I was in close contact with Brelot in my potential theory work and learned much from him. When he told me he would like to write a book on modern potential theory but could not because he did not know the necessary probability theory, I was confident that he would not want to do the boring work of writing such a book and I thought it would be safe to tease him by offering to write the probability part of his book if he wrote the nonprobability part. My psychological analysis was right about him but defective about me, since my own book covered both parts.
The Illinois hike
Snell: While you have retired from the Mathematics Department at Illinois, you have not retired from the Illinois Saturday Hikes. We should close with some remarks about this institution.
Doob: The Saturday Hike was started in 1909 by a classics professor. Each Saturday the group drives to woods along a river. For many years some of the hikers hiked along the river and the others found an open area and played a primitive version of softball baseball, but as the years progressed the numbers dwindled and finally there were too few for baseball. On hot summer days there is swimming in a river or pond. A “sitting log” as hiker base is found in the woods. In the evening a fire is built near the log, as large as needed for cooking and warmth, food is cooked and the problems of the university, Champaign-Urbana and the world are solved. Disagreement on a fact is settled by a Pie for the Hikers bet; the loser brings a pie after the fact has been researched.
The hikers stand around the fire or sit on the sitting log. On cold winter days the fires are large, and newspaper is used over sitter knees to protect them from the heat. The tradition is that the fire should be placed to make the smoke go into sitter faces. Snow or light rain is mostly dissipated by the fire; if there is heavy rain, the fire is built under a nonporous bridge.

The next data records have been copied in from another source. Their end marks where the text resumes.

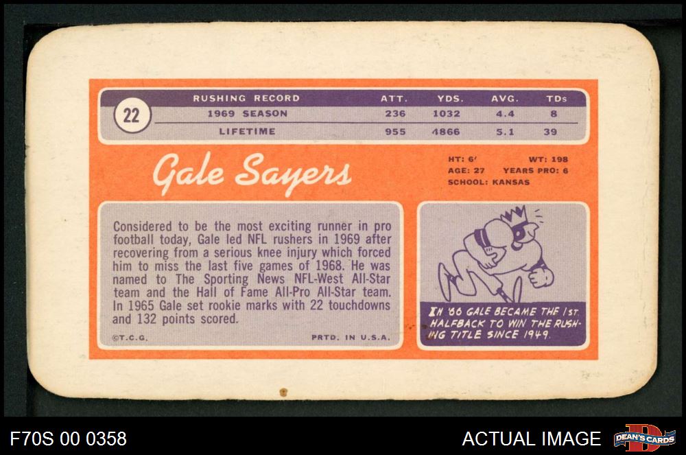 1970 Topps Super #22 Gale Sayers 4 - VG/EX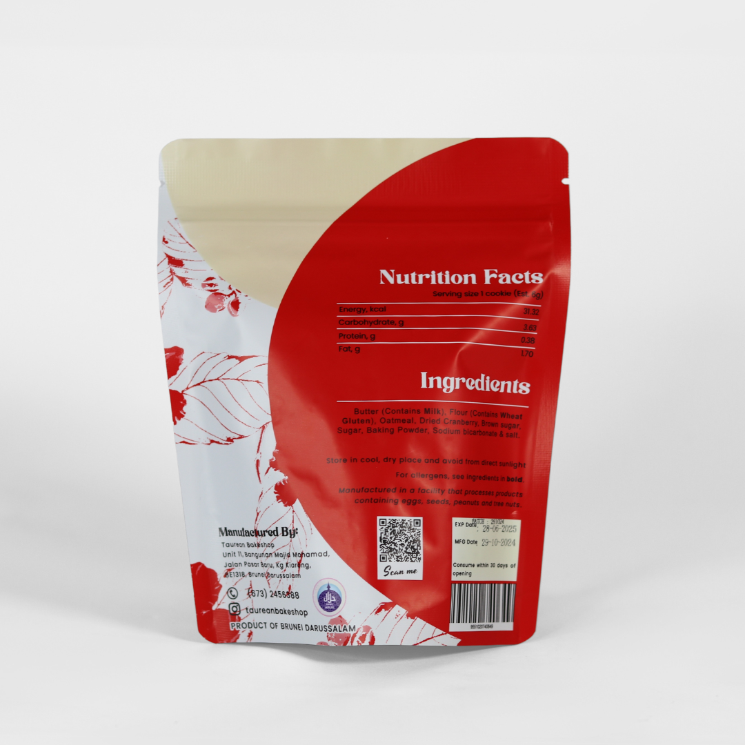 | Ingredients / Composition | Butter (contains milk), flour (contains wheat gluten), oatmeal, dried cranberries, brown sugar, white sugar, baking powder, sodium bicarbonate & salt. |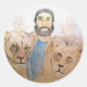 Estos pegatinas retratan la historia bíblica de Daniel en la cueva de los leones.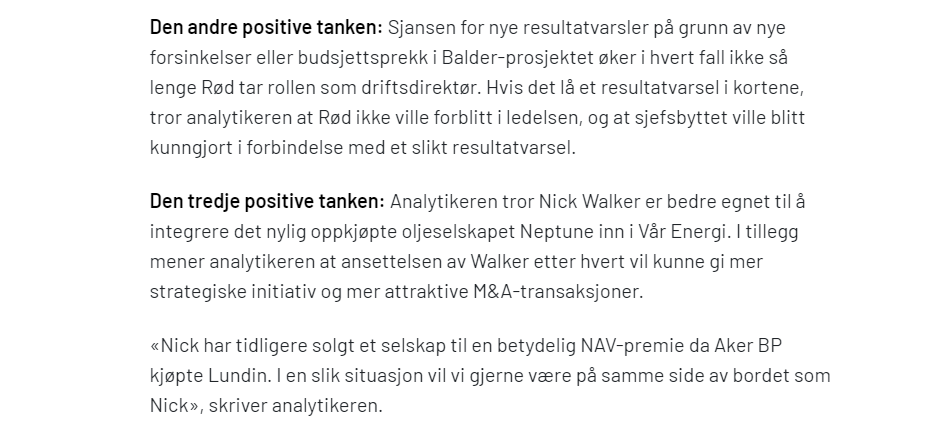 – Vår er et ungt selskap, så de skal fortsatt bygge den track-recorden. Det er klart at forsinkelsene til Balder X som de kunngjorde i fjor, ikke er en ideell start, men det vi håper å se gjennom resten av dette året, er at de oppfyller prognosene sine for året og at utviklingsplanene forblir på rett spor.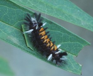 photo by ram-manWe keep an eye out for monarch caterpillars on the milkweed near our home. This year for the first time I see many fuzzy caterpillars on the plants. They have some similar colors to the monarchs, but are very furry. What might they be? Should I worry about them competing for food? We live near St. Paul, MN.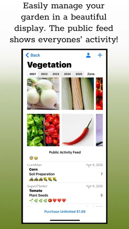 Additionally, the main page has a public 'feed' which will cycle through the activities of all the people who are using the app. You can monitor the feed to get a sense of the timing and types of crops that people within your planting zone are doing. So with this fun gardening app, there is a social media aspect to it as well.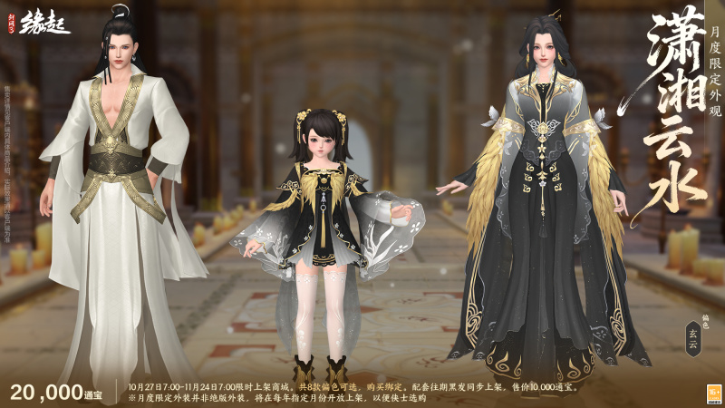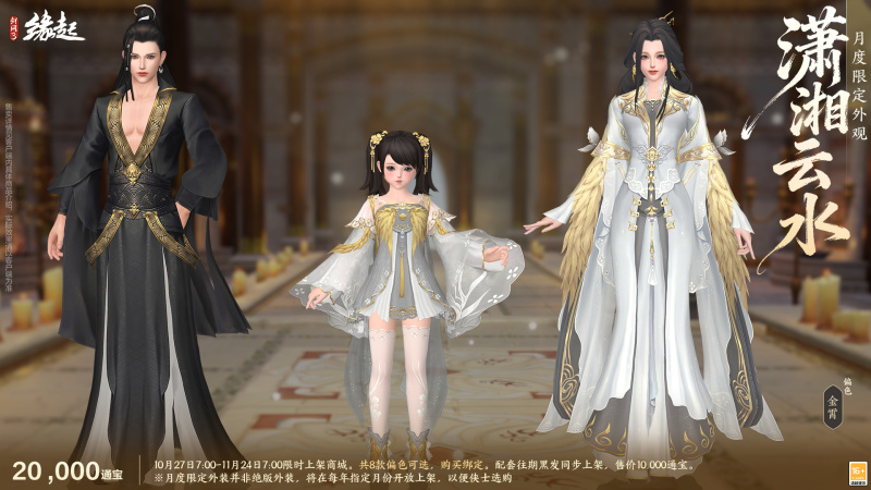 豪华版礼盒内含成衣+定制黑发+定制白发,售价38,000通宝,不绑定款10月27日20:09限量上架500份。

The hike is characterized by glorious irresponsibility in action and conversation and by heavy eating. “Hikers delight” is a renowned specialty: onions and hot peppers are fried in bacon fat; when the onions are done, the fat is poured into the fire, cheese is added and the frying continues until the cheese has melted. “We played softball in cow-pastures, fried our steak, stood on the fire and rocked the night with corny song” (Richmond Lattimore in the New Republic, November 13, 1961, in honor of the Saturday Hike founder; the singing stopped in the 1940s, when the singing leaders died).
I entered the group in 1939 and went regularly every Saturday. At that time as many as 30 came out, but now there are usually at most 10. The Saturday Hike is a treasured tradition and members drive to Urbana for it from as far away as Purdue, 90 miles away.
Snell: More impressive to me is your going on those winter hikes at age 87. I’ll see you next year at my annual hike visit, but I think I’ll make it November this time rather than January!